Problem requirements: Using the records below, transcribe exactly only the lines from the one with "To śmieszny kubek" through the end, both included, and drop every picture.

(Records from a data collection)

+++++

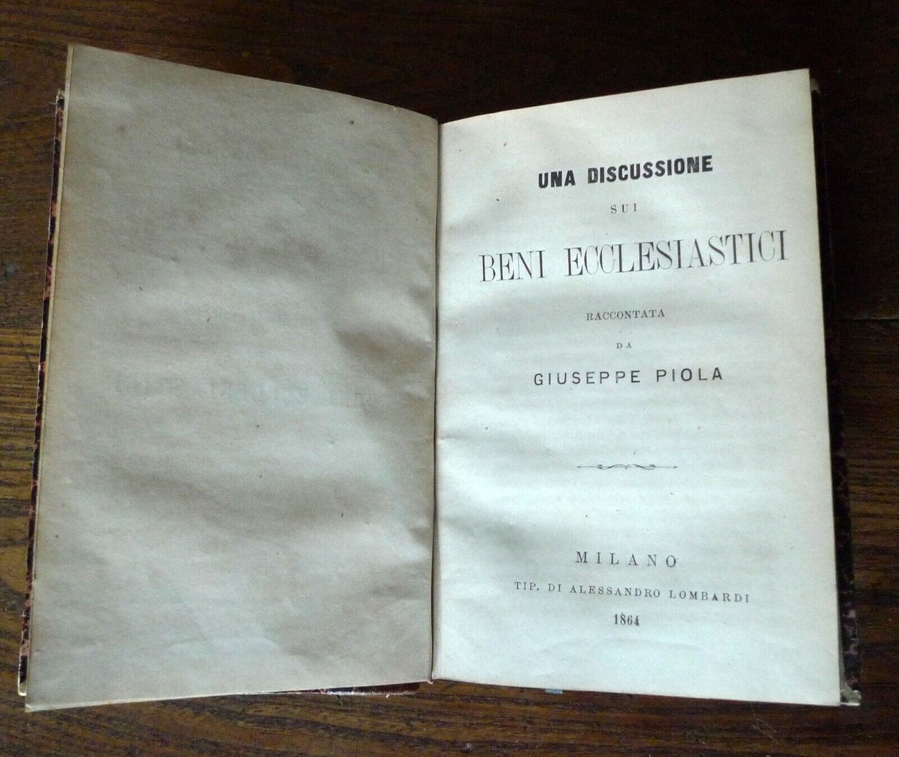 - UNA DISCUSSIONE SUI BENI ECCLESIASTICIRACCONTATA DA GIUSEPPE PIOLA.Milano, Tip. di Alessandro Lombardi, 1864,- LA QUESTIONE DEL MATRIMONIO.SAGGIO DI GIUSEPPE PIOLA.Firenze, Felice Le Monnier, 1861[2 LIBRI RILEGATI IN UN UNICO VOLUME],copertina rigida, rilegatura in mezza pelle,18x12 cm., pp.145;235,peso: g.350
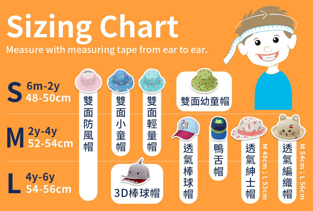 M(2y-4y)2歲~4歲:頭圍約52-54cm;繫帶約30.5cm-33.5cm
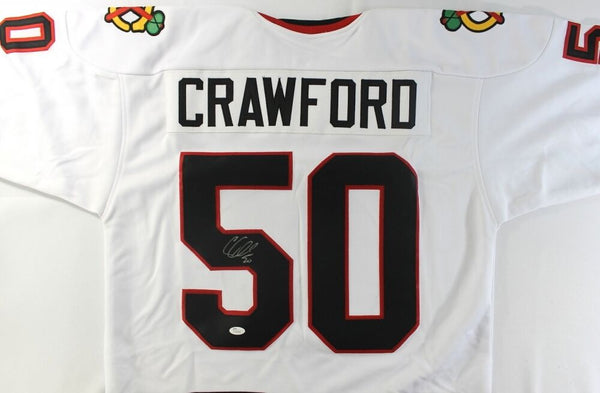 Custom on-field style jersey. Everything sewn on, size XL. Hand-signed in silver paint pen by Corey Crawford (Blackhawks). The autograph includes an official James Spence Authentication (JSA) hologram and matching...
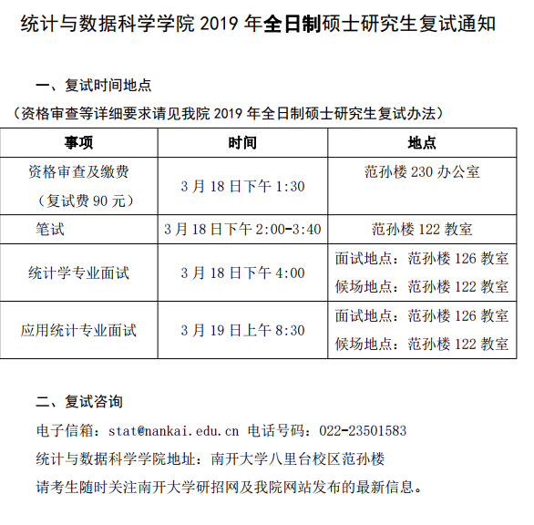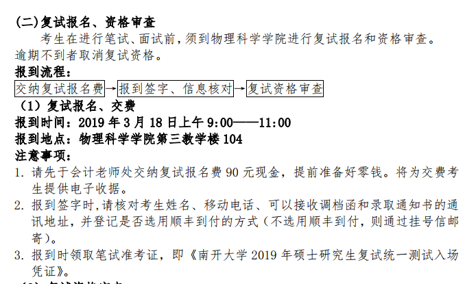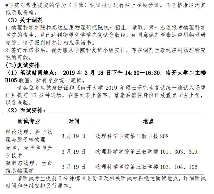 2019南开大学物理科学学院&泰达物理学院复试时间及地点
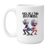To śmieszny kubek na prezent, który pokaże drugiej połówce, że wasze „razem” to plan na całe życie – nawet jeśli na starość będziecie tańczyć tak niezgrabnie, jak para z nadruku.
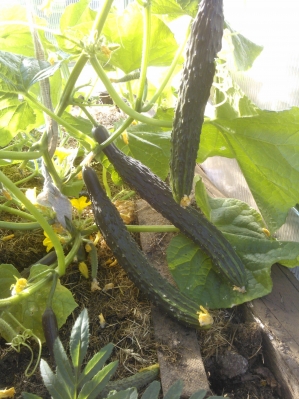 Длина огурцов по 40 см. Дети «отъели » хвост в одном, пока я сфотала))) На кусте одновременно до 10 штук!
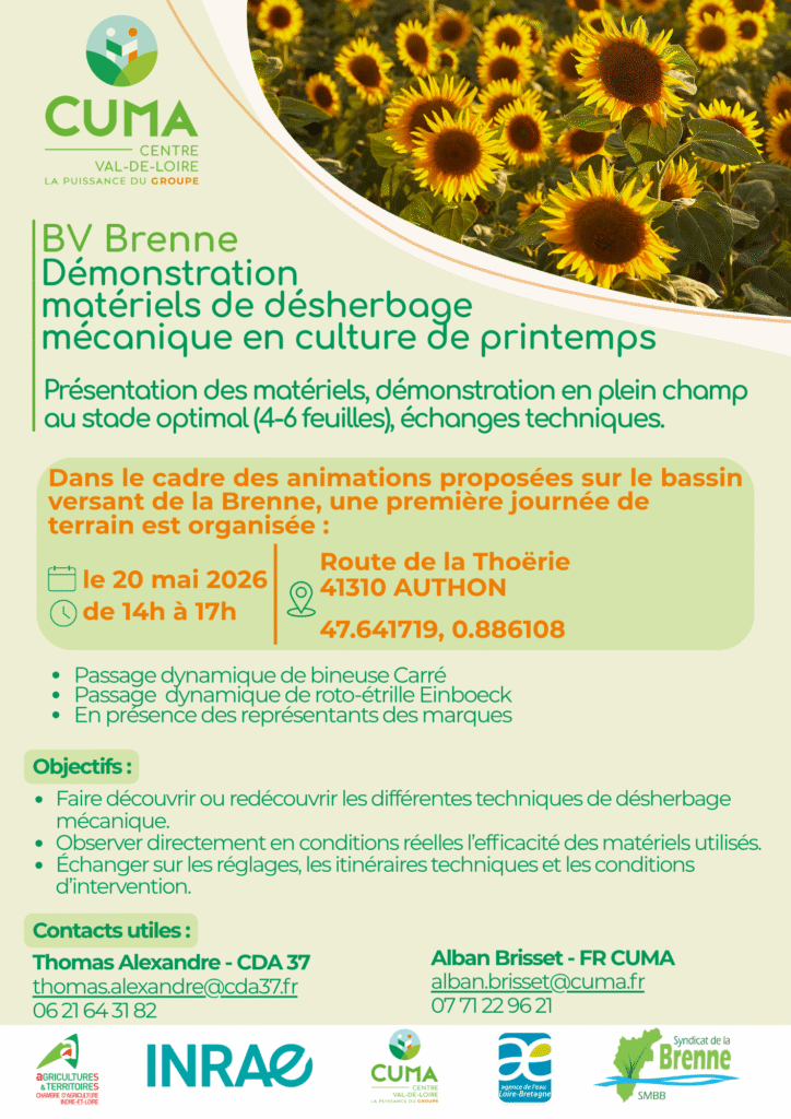 Une démonstration de matériels de désherbage mécanique est organisée sur le bassin versant de la Brenne.
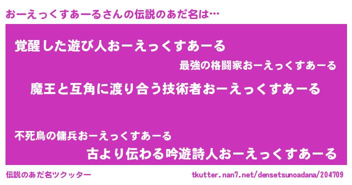 | ヒーロー風カッコイイあだ名 | 『愛の使者おーえっくすあーる』 |
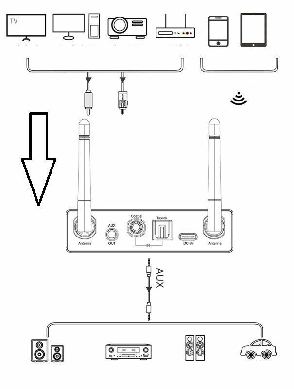Axe-35 Bluetooth 5.3 приемник-reciever 6 в 1: Блютуз, tosllink, 3,5, micro SD, USB, coaxial а аккумулятором на 20 часов интересное:

+++++

Response area:
To śmieszny kubek na prezent, który pokaże drugiej połówce, że wasze „razem” to plan na całe życie – nawet jeśli na starość będziecie tańczyć tak niezgrabnie, jak para z nadruku.
 Длина огурцов по 40 см. Дети «отъели » хвост в одном, пока я сфотала))) На кусте одновременно до 10 штук!
 Une démonstration de matériels de désherbage mécanique est organisée sur le bassin versant de la Brenne.
 | ヒーロー風カッコイイあだ名 | 『愛の使者おーえっくすあーる』 |
Axe-35 Bluetooth 5.3 приемник-reciever 6 в 1: Блютуз, tosllink, 3,5, micro SD, USB, coaxial а аккумулятором на 20 часов интересное:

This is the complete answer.